Hurricane Ian has now crashed its way onto that list, and while it will take days to tally the damage it will leave behind, another factor that almost certainly made the situation worse along Florida’s coast is that sea levels around the state have risen by roughly 8 inches since 1950, according to data from the NOAA. The cause of rising seas is two-fold: First, oceans have risen due to the increased melting of the polar ice caps. Second, when water temperatures rise, so does the volume of a body of water.

Simply put, stronger hurricanes making landfall along coastlines where seas have already risen 8 to 9 inches since 1950 and are forecast to rise another 8 to 9 inches by 2040 (and much more by 2100) is a recipe for disaster.

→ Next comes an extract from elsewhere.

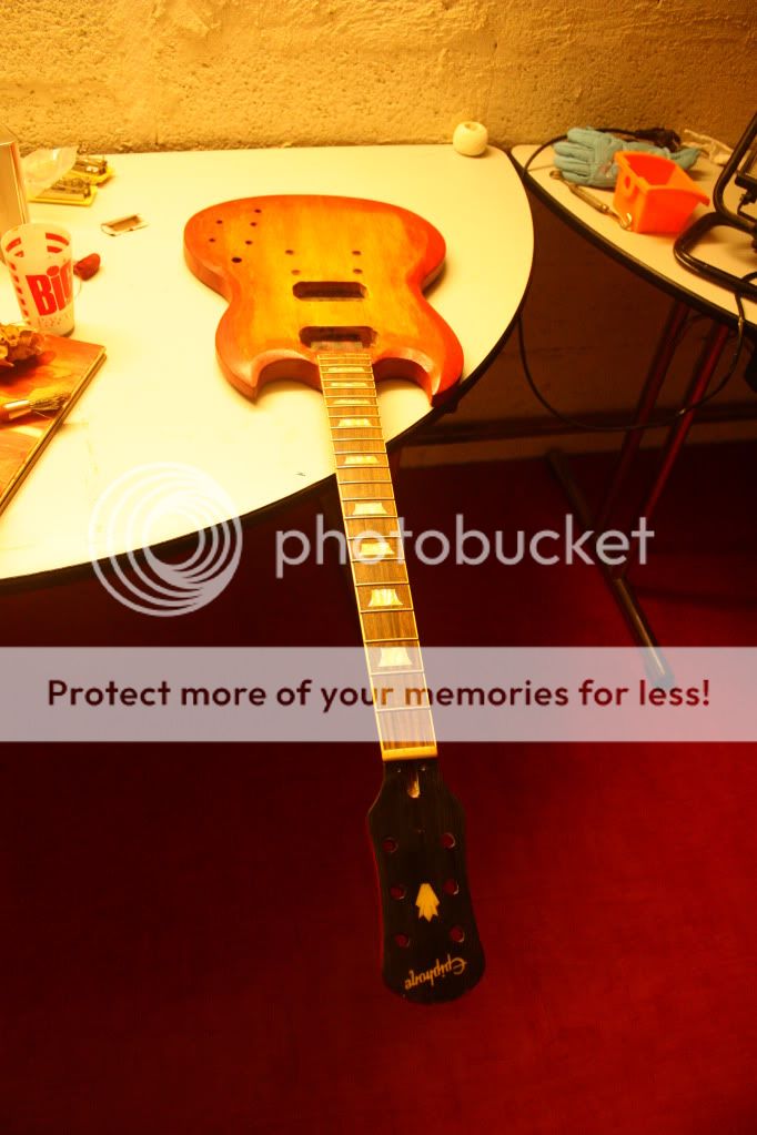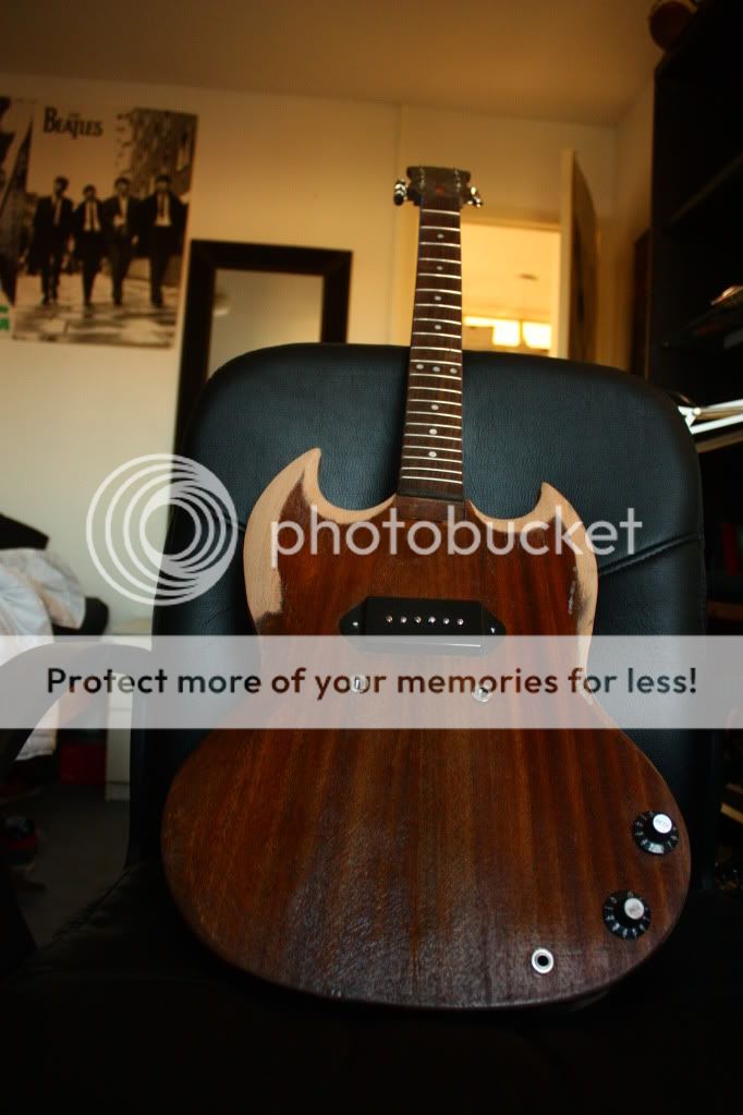 Voilà, juste avant les petites photos, bah j'avoue être quand même content, cette guitare est jouable, assez confortable même si le manche impressione au début, et elle sonne. Je pense que le P90 lindy frallin la propulse loin en terme de son devant une SG junior genre Vintage wilkinson, mais clairement, la finition est en dessous je pense d'une vintage, même si elle me convient tout à fait. Dans l'état, le sillet est pourri, le manche a quand même pris des pocs pendant que je poncais les frettes, le réglage du Wrap ferait certainement peur à quelqu'un de non averti, le manche est pas tout à fait dans l'axe normal du corps, les mécaniques des cordes aigues sont un chouilla plus haut que les mécaniques des cordes basses. Tout ça fait que je n'acheterais pas cette gratte le prix qu'elle m'a côuté en matos 350 euros de matériel, 50 euros de consommable : colle abrasif, vernis... 200 euros de matos (scie sauteuse, défonceuse, différentes mèches et fraise...) que je n'ai pas encore amorti sur d'autres projets. Mais ces défauts n'altèrent ni le son ni la jouabilité en dehors du sillet à changer, donc pour un projet perso, je suis content !

“A future Hurricane Ian, with the three feet of sea-level rise that is coming, will irreparably wipe out Central and Southern Florida,” climate scientist Peter Gleick, founder of the Pacific Institute, said in a tweet on Wednesday.

Yet while rising seas and peer-reviewed and widely replicated evidence that rising temperatures are super-charging tropical cyclones are now a matter of record, many experts shy away from drawing a straight line between climate change and any single weather event.

“I don’t think you can link climate change to any one event. On the whole, on the cumulative, climate change may be making storms worse. But to link it to any one event, I would caution against that,” Jamie Rhome, acting director of the National Hurricane Center, told CNN’s Don Lemon in a Tuesday interview.

While Hurricane Ian was not caused by climate change, per se, and there is no data to suggest that warmer global temperatures will result in a greater number of annual tropical cyclones, numerous studies, some of which rely on computer modeling, have linked the increased moisture in the atmosphere to greater hurricane rainfall totals in general.

Ian, meanwhile, is forecast to dump 10 to 20 inches of rain on central and western Florida, an area that has already seen more than 200% of normal rainfall totals over the last two weeks. That same section of the state, which includes Tampa, experienced its warmest summer in recorded history this year.